**Work required**
Reproduce the listing below exactly, except for its pictures.

**Given data**
BEGIN
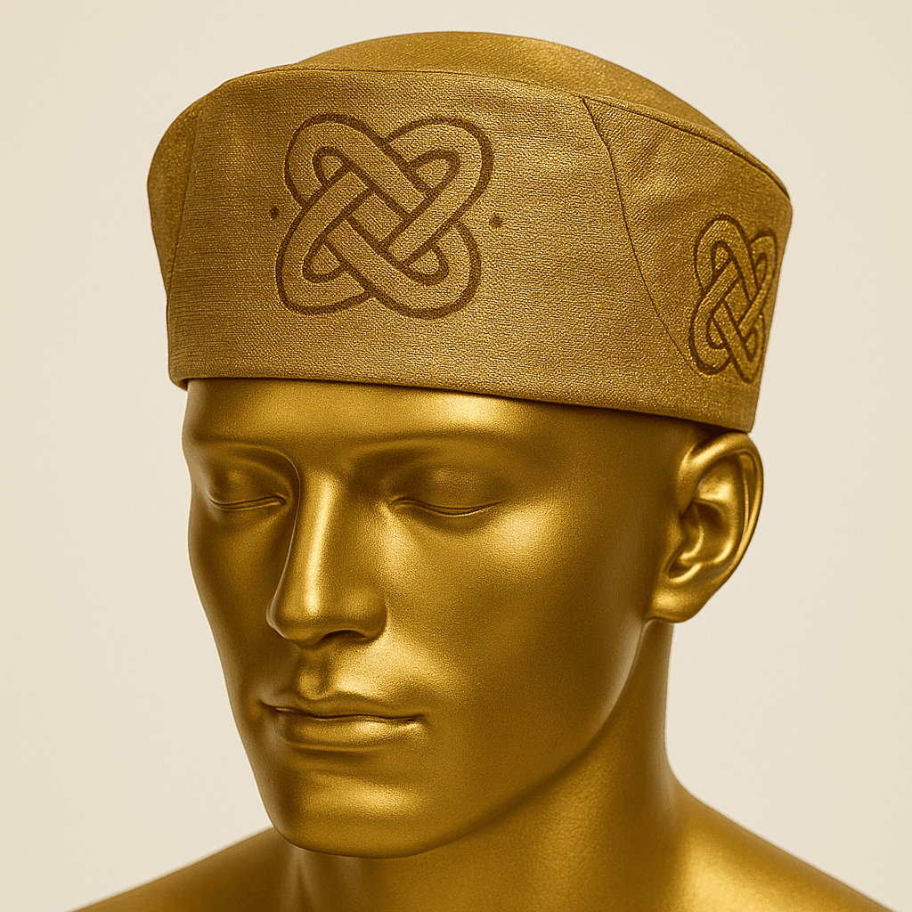Crown your traditional look with this exquisite golden Fila cap featuring intricate Celtic-inspired infinity knot embroidery. This premium handcrafted accessory represents the perfect fusion of cultural authenticity and symbolic artistry, designed for the gentleman who appreciates meaningful details and superior craftsmanship. This beautifully structured cap showcases rich golden fabric with raised embroidered infinity knot symbols on both the front and side panels. The interwoven Celtic knot pattern symbolizes eternity, unity, and interconnectedness, adding deep cultural meaning to the aesthetic beauty. The traditional Fila style construction maintains its elegant angular shape while providing comfortable all-day wear. Perfect for completing any traditional Nigerian outfit, this cap adds a distinguished finishing touch that speaks to heritage and sophistication. One size fits most with custom sizing available.
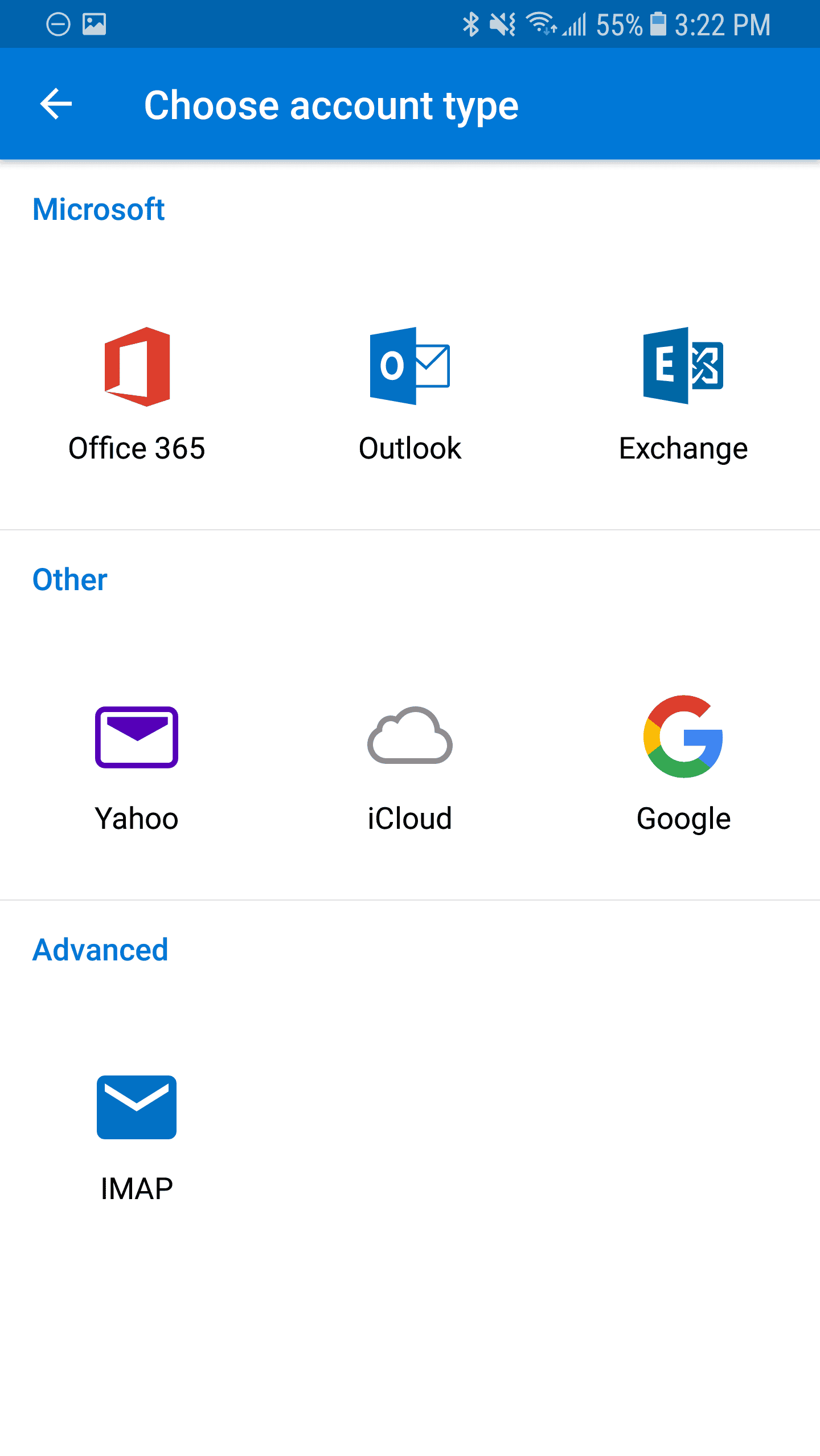 5. Now, the app by default will choose Exchange. Tap on the white Question Mark icon on the top left
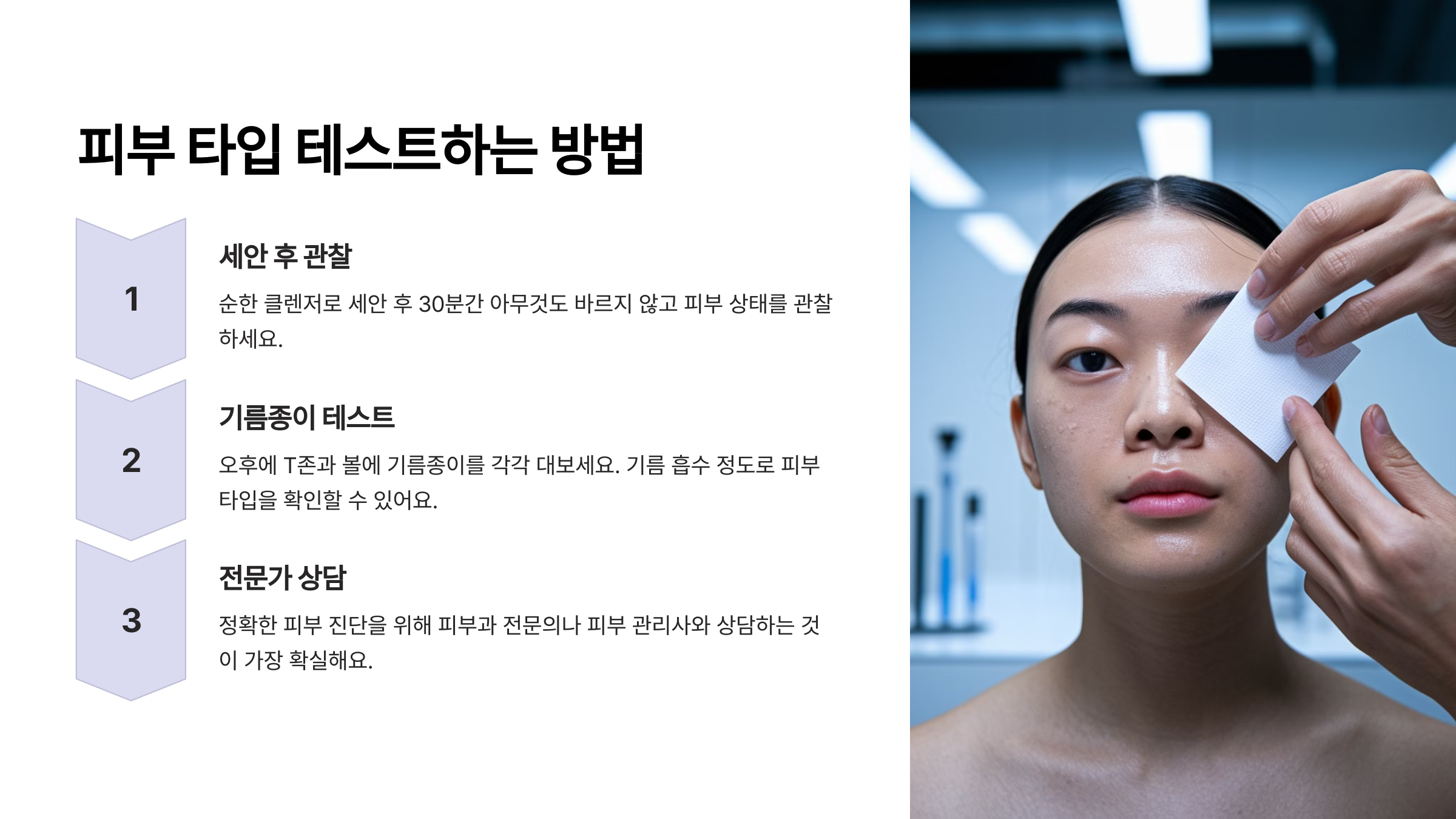 그럼 이제 내 피부 타입을 쉽게 확인할 수 있는 테스트 방법을 알아볼까요? 👉
END
**Task solution**
Crown your traditional look with this exquisite golden Fila cap featuring intricate Celtic-inspired infinity knot embroidery. This premium handcrafted accessory represents the perfect fusion of cultural authenticity and symbolic artistry, designed for the gentleman who appreciates meaningful details and superior craftsmanship. This beautifully structured cap showcases rich golden fabric with raised embroidered infinity knot symbols on both the front and side panels. The interwoven Celtic knot pattern symbolizes eternity, unity, and interconnectedness, adding deep cultural meaning to the aesthetic beauty. The traditional Fila style construction maintains its elegant angular shape while providing comfortable all-day wear. Perfect for completing any traditional Nigerian outfit, this cap adds a distinguished finishing touch that speaks to heritage and sophistication. One size fits most with custom sizing available.
 5. Now, the app by default will choose Exchange. Tap on the white Question Mark icon on the top left
 그럼 이제 내 피부 타입을 쉽게 확인할 수 있는 테스트 방법을 알아볼까요? 👉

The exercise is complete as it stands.